Немного позднее к ним наконец присоединяется Поэт-Криминолог и Следователь рассказывает ему о странных открытиях, сделанных Литературоведом, после чего вся троица отправляется ужинать в Морской клуб.
— И что же всё это нам дает? — спрашивает Поэт-Криминолог после того, как все заказали обильный ужин из даров моря.
— Вы собираетесь работать за едой? — удивляется Литературовед.
— А почему бы и нет? Речь же идет не об историях, каких полно в книгах Карла Найя и от которых я засыпаю, а о настоящем расследовании его тайной жизни и жизни членов его семьи. То, что все видели, — это одно, а то, как они жили на самом деле, — это другое. Жизнь любого «великого человека» независимо от того, на самом ли деле он великий или его таковым считают, наполнена страхом. В человеческом обществе царит обычный биологический порядок: женитьба, рождение детей, возможность властвовать над как можно большим количеством других людей. Однако у некоторых индивидов, как опухоль, разрастаются тщеславие, гордость, постоянно неудовлетворенные желания, что выделяет их из общей массы. Эти индивиды пользуются теми же, обычными средствами, методами, что и другие люди, но никто не знает, как им удается становиться незаурядными личностями. Одни, уловив дух времени, проявляют себя великолепными стратегами и быстро приобретают славу «великих». Другие, как Юлий, возводят эшафот под свою жизнь… или, скорее, делают из своей жизни эшафот.
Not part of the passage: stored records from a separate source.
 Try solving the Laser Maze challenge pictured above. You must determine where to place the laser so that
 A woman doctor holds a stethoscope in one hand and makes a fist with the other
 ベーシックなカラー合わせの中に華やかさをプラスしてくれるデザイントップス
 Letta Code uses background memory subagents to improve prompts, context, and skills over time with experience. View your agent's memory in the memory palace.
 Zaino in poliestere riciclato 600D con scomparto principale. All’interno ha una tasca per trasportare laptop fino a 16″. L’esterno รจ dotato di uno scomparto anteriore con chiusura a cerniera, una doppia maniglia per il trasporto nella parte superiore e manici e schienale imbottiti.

— Совершенно верно! — восклицает Литературовед. — Всю свою жизнь Юлий подставлял шею под лезвие гильотины, и оно то и дело опускалось на нее. Из этих повторяющихся неудач и ранений он умудрился извлечь таинственный яд — ужасный и в то же время прекрасный нектар. Да, проза Юлия прекрасна, красива, как «красивы», по вашим словам, бывают некоторые преступления. Она великолепна еще и потому, что является выдумкой чистейшей воды, словно загадочный кусок будущего слишком рано попал в настоящее. Насколько меня никогда не привлекал путь, которым шел Карл, настолько меня завораживал «антипуть», который выбрал Юлий. Точно так же меня завораживают «антипути» Розы, Курта и Франца, особенно когда понимаешь, какие тонкие нити связывают их с настоящим «величием» Юлия.
— Давайте перейдем к делу! — просит Следователь. — Нас интересует не эстетическая траектория их творений, а связь между произведениями и загадкой «Урана».
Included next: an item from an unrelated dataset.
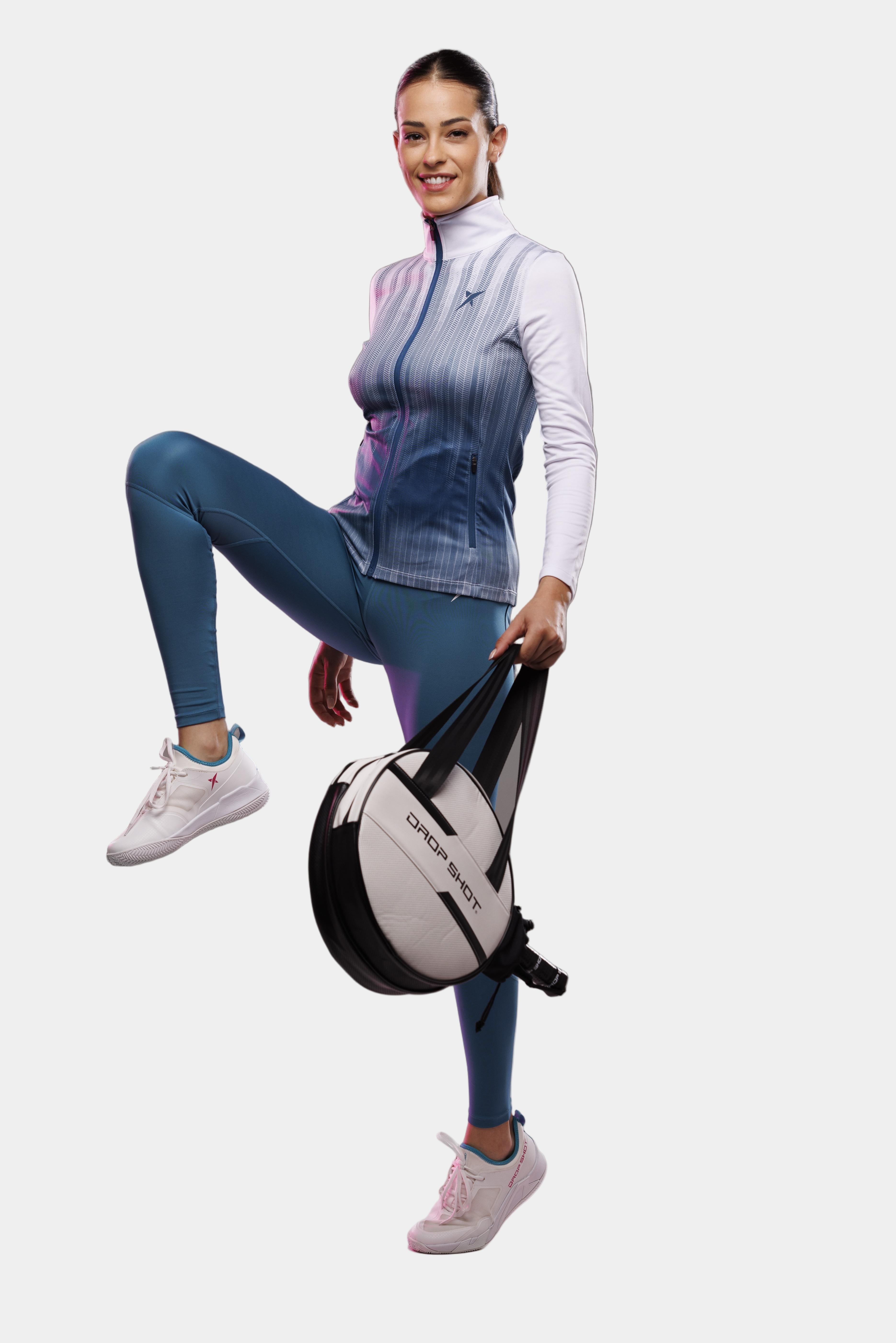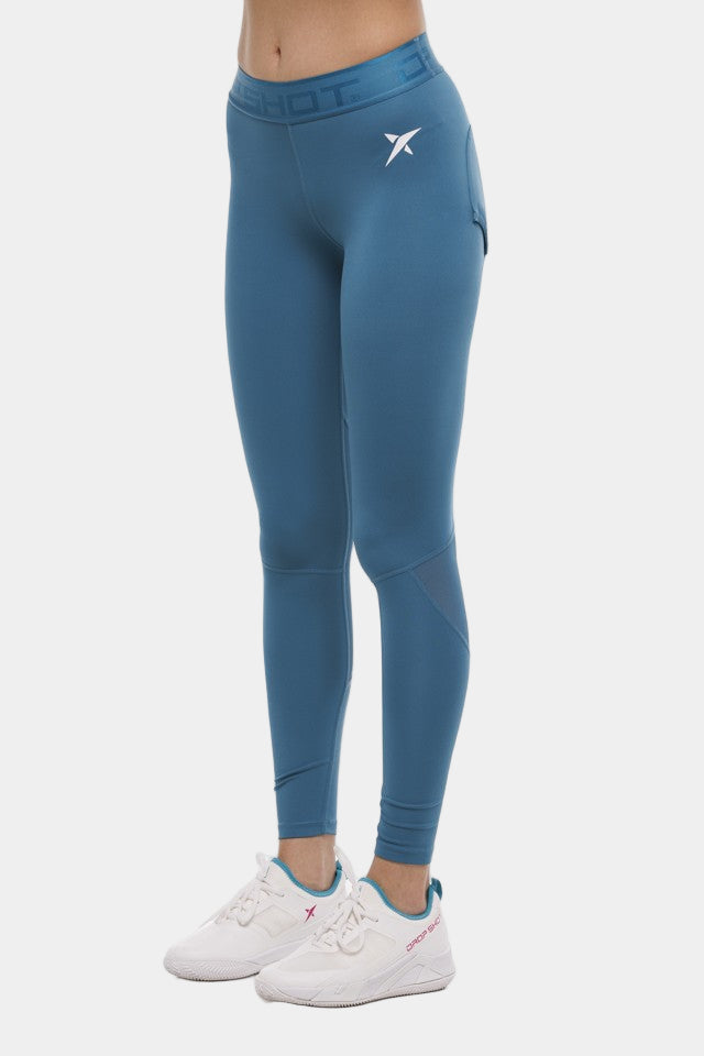 Ha sido diseñado en un llamativo tono azul a juego con el resto de la línea Isora. En la parte interior de la prenda se incorpora tejido Mesh, permitiendo a la jugadora lucir un estilo moderno y atractivo. La cintura se remata con una goma personalizada con el nombre de la marca, y en la parte superior se imprime en silicona 3D el logo de Drop Shot en tono blanco.

— Послушайте, — говорит Криминолог, — но если есть загадка, то она должна выглядеть как постскриптум в конце их произведений и жизней. И я благодарю Бога, что наш друг Литературовед среди рукописей Юлия нашел зашифрованные тексты, подтверждающие его тайную болезнь — зависть. Теперь нужно узнать, чему завидовал Юлий. Может, успехам Карла?
— Только не им, — возражает Литературовед.
— Тогда любовному или семейному счастью Карла?
— Тоже нет.
— Огромным гонорарам?
— Тем более нет! Юлию нужно было почти ничего или крайне мало.
— Тогда чему? Может, он завидовал зависти, которую вызывал у Карла? Завидовал, что не испытывает зависти?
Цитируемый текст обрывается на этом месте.